What Is Self-Advocacy?
Having you as an advocate serves your child well. But encouraging your child to find ways to understand and speak up for her needs will serve her well, too.
If you break down self-advocacy, it’s about three things—the ability to understand your strengths and weaknesses, knowing what you want or need to be more successful, and being able to let other people know about your needs and decisions.
4 Ways You’re Already Supporting Self-Advocacy
That sounds like a lot to expect from your child, but it doesn’t have to be as big and overwhelming as it sounds. In fact, you’re probably already showing your child ways to self-advocate and don’t even know it. Here’s what you’re already doing to help your child learn to be a self-advocate.
1. You encourage your child to ask questions.
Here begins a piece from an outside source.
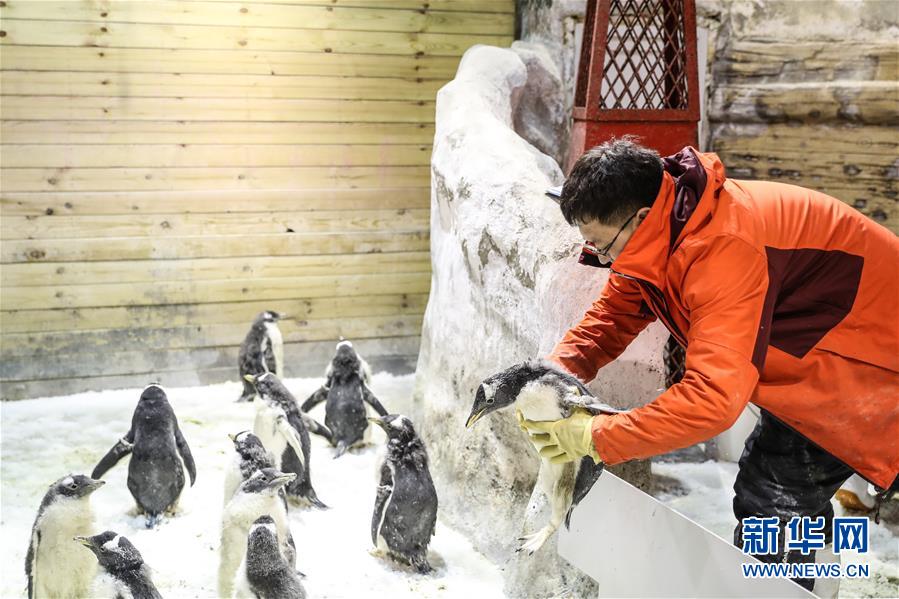 1月9日,馴養(yǎng)員給白眉企鵝寶寶喂食。 新華社記者 潘昱龍 攝

Listening to and answering endless questions can be exhausting. But it’s your child’s way
of learning more about how the world works and how she fits into the world. Keep encouraging her to ask questions, especially the hard ones You may not always have answers, but your child will learn that’s it’s okay to ask people to help find answers.
2. You let your child make decisions.
Letting your child choose her clothes for the day or what you have for dinner seems like a simple thing—and it is. But it’s also a way for her to learn that she can make choices for herself and that she has some “say” in her own life.
3. You help your child find solutions.
Helping your child find solutions to every day issues is not the same thing as fixing her problems. Solutions are the ways you teach your child to work with her strengths and around her weaknesses. They can even be small things, like cutting the itchy tags out of a shirt.
4.You celebrate triumphs, no matter how small.
Teaching your child to celebrate the small things helps her learn to break goals into smaller steps. It shows her that triumphs don’t have to be big to be worthy.